Materials availability
All unique reagents generated in this study can be requested from the Lead Contact with a completed Materials Transfer Agreement, and be made available upon reasonable request with applicable processing and shipping fees through the University of Connecticut Cell and Genome Engineering Core.

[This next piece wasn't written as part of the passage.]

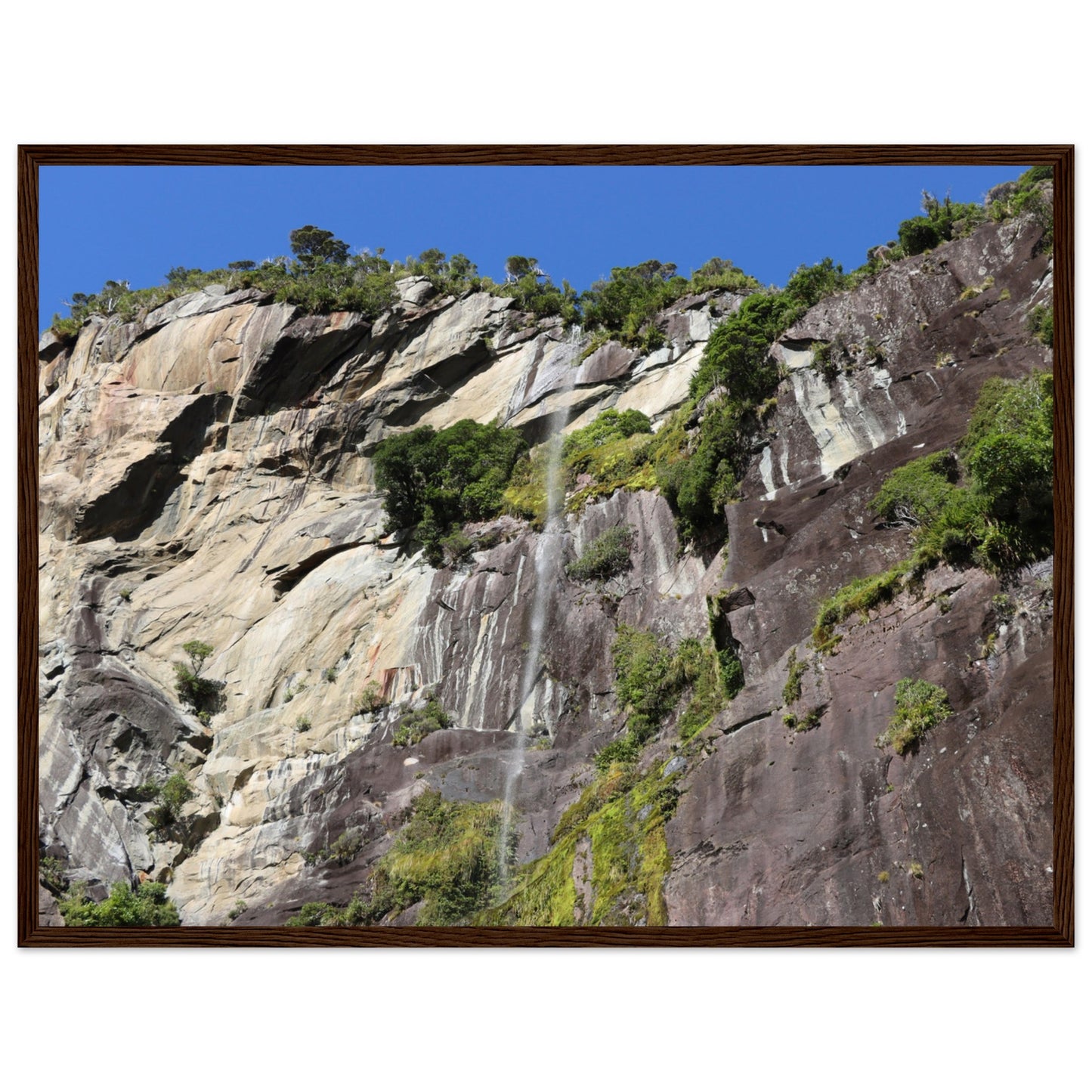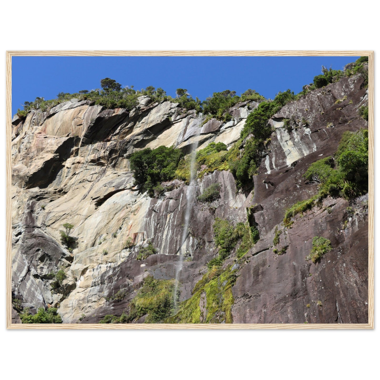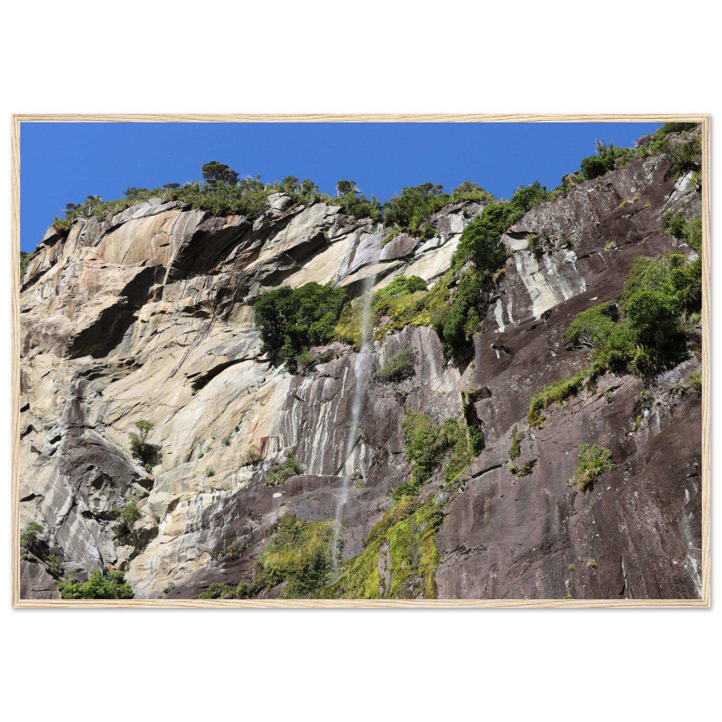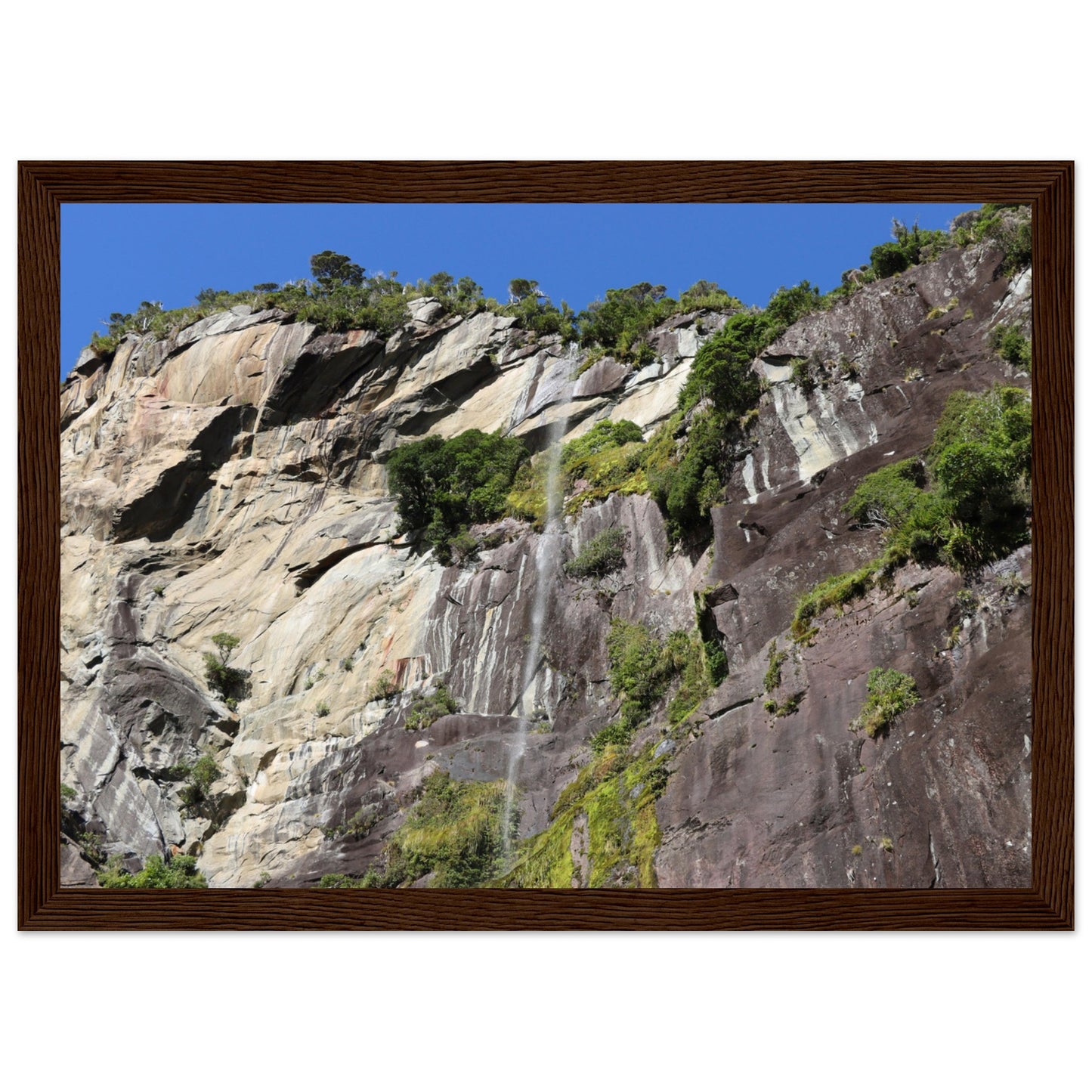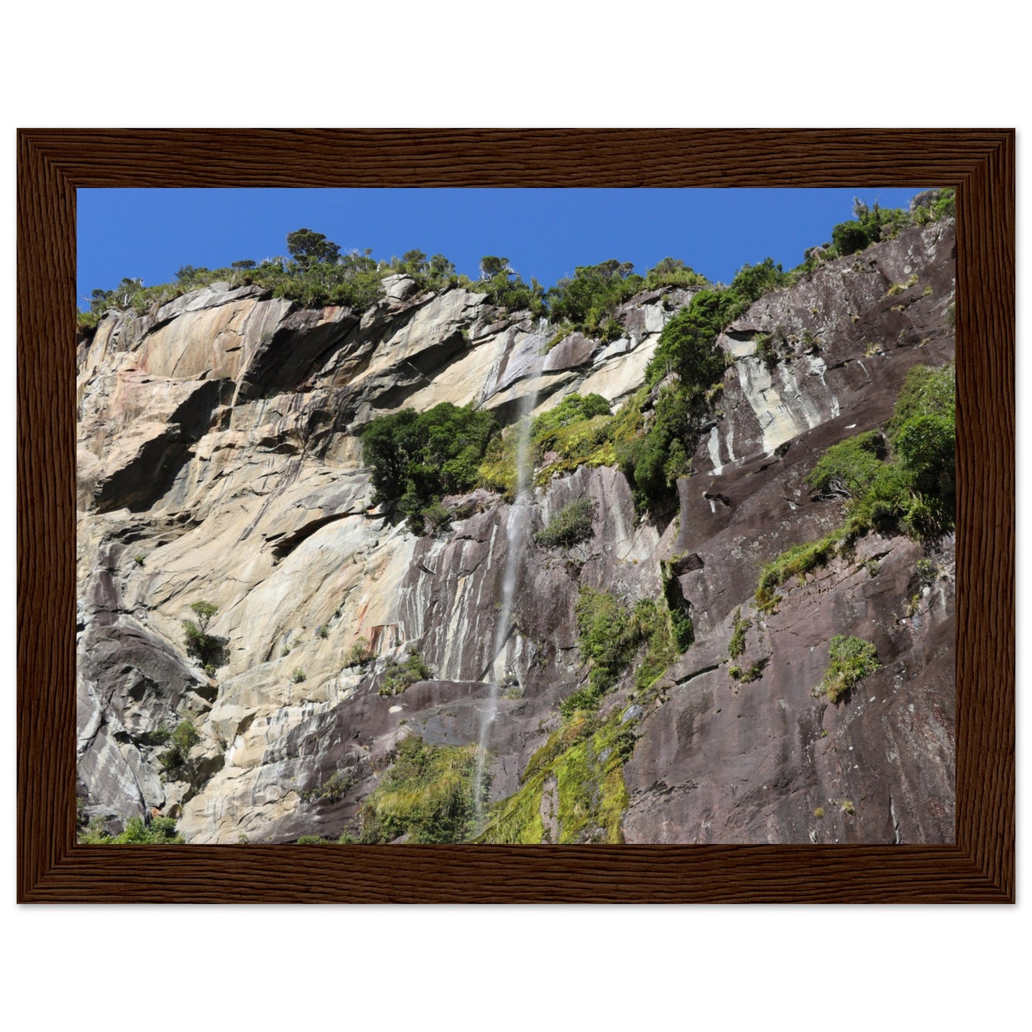 Milford Sound waterfall, New Zealand - Premium Matte Paper Wooden Framed Poster

Data and code availability
Validation time-course methylEPIC datasets have been deposited under accession number GSE167883 in the Gene Expression Omnibus (GEO). Analysis code is made available through the github repository: https://github.uconn.edu/sfp-lab/contiguous_x_erosion
EXPERIMENTAL MODEL AND SUBJECT DETAILS
The female fibroblast line AG05278 was obtained from the Coriell Institute (Camden, NJ), and reprogrammed by the University of Connecticut Stem Cell Core using the CytoTune hiPSC 2.0 Sendai Reprogramming Kit (Thermo Fisher, Waltham MA). To confirm the presence of two X chromosomes in each individual hiPSC clone, DNA was extracted from each clone using the Hot-Shot method. Briefly, hiPSCs were incubated with alkaline lysis buffer (25mM NaOH, 0.2mM EDTA pH 12) at 95C for 1 hour and then neutralized with 40mM Tris-HClpH5. PCR was performed using the One Taq Hot Start 2x Master Mix (New England Biolabs, Ipswich, MA) across the short tandem repeat HPRT locus (HPRT_F: ATGCCACAGATAATACACATCCCC, HPRT_R: CTCTCCAGAATAGTTAGATGTAGG), and PCR products were analyzed by agarose gel electrophoresis. Euploid (46,XX) clones were identified by the presence of two products of different lengths. The hiPSCs were cultured on mitotically inactive mouse embryonic fibroblasts in standard hiPSC media (80% DMEM/F12, 20% Knockout Serum Replacement, 1% Glutamax, 1% Non-Essential Amino Acids, 0.1% β-Mercaptoethanol, and 8ng/mL bFGF), and passaged weekly by manual disruption of 10-20 representative colonies. Samples collected across this continuous long-term culture are listed in Table S1, and ranged from passages 8 and 12 to 32 and 35, respectively, for the C19 and C23 hiPSC clones.
METHOD DETAILS
For RNA isolation, the PureLink RNA Mini Kit (Invitrogen, Waltham, MA) was used, and cDNA synthesis was performed with the iScript gDNA Clear cDNA Synthesis Kit (Bio-Rad Laboratories, Hercules, CA). Real-time PCR was performed using iTaq Universal SYBR Green Supermix (Bio-Rad Laboratories, Hercules, CA). XIST expression (XIST_F: AGCAGTTTGCCCTACTAGCTC, XIST_R: TAGCTGTTTGCAGTCCTCAGG) was normalized to TATA-box binding protein TBP (TBP_F: TCACTGTTTCTTGGCGTGTG, TBP_R: TGGCAAACCAGAAACCCTTG) using the ΔCt method. Primer specificity was confirmed by melting curve analysis, and relative expression is calculated as %TBP (100/2ΔCt).For DNA extraction, cells were pelleted and resuspended in cell lysis buffer (10 mM Tris-HCl, pH 8.0; 100 mM NaCl; 10 mM EDTA, pH 8.0; 1% SDS; 200 μg/ml Proteinase K) and incubated at 55°C overnight. DNA was isolated using Phenol:Chloroform:Isoamyl Alcohol (25:24:1, v/v) (Invitrogen, Waltham, MA), precipitated with isopropanol, washed with 70% ethanol, and resuspended in TE buffer. Genomic DNA was bisulfite-converted using the EZ DNA Methylation Kit (Zymo Research, Irvine, CA), then labeled and hybridized using the Infinium Methylation EPIC BeadChip Kit (Illumina, San Diego, CA) following standard protocol of each manufacturer, and scanned on a NextSeq 550 system.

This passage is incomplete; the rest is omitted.